- _Task objective_:
All lines below between the line with "受國內(nèi)天然氣需求拉" and the line with "First, visit the", including both, must be copied exactly, and the pictures must be omitted.

- _Data shown_:
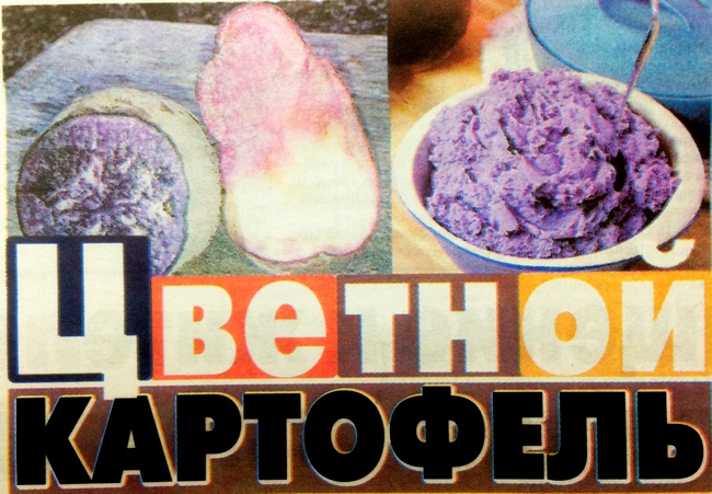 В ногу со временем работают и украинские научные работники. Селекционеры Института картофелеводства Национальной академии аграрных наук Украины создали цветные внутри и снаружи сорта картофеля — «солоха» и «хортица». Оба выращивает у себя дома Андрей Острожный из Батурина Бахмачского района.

...

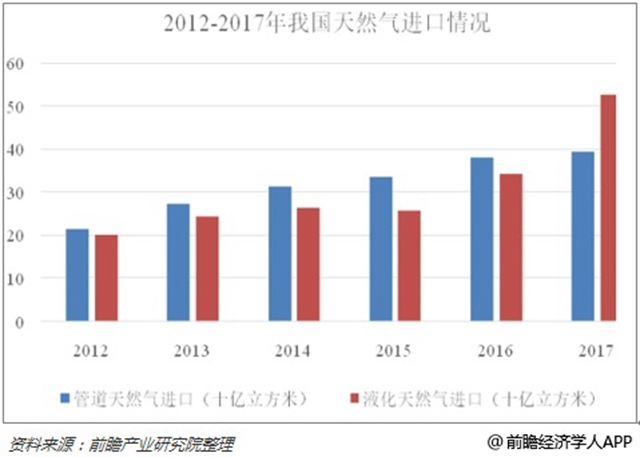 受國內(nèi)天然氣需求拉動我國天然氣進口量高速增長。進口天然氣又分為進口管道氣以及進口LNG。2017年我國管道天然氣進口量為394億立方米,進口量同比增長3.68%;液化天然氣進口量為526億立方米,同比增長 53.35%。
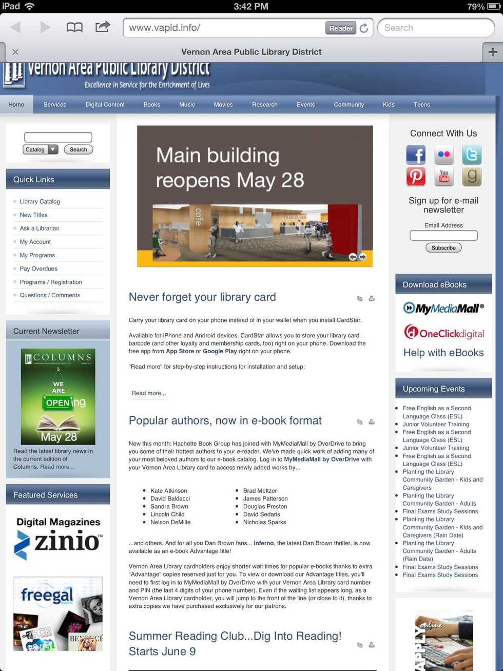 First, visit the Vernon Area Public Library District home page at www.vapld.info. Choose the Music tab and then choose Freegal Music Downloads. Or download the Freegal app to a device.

- _Exercise answer_:
 受國內(nèi)天然氣需求拉動我國天然氣進口量高速增長。進口天然氣又分為進口管道氣以及進口LNG。2017年我國管道天然氣進口量為394億立方米,進口量同比增長3.68%;液化天然氣進口量為526億立方米,同比增長 53.35%。
 First, visit the Vernon Area Public Library District home page at www.vapld.info. Choose the Music tab and then choose Freegal Music Downloads. Or download the Freegal app to a device.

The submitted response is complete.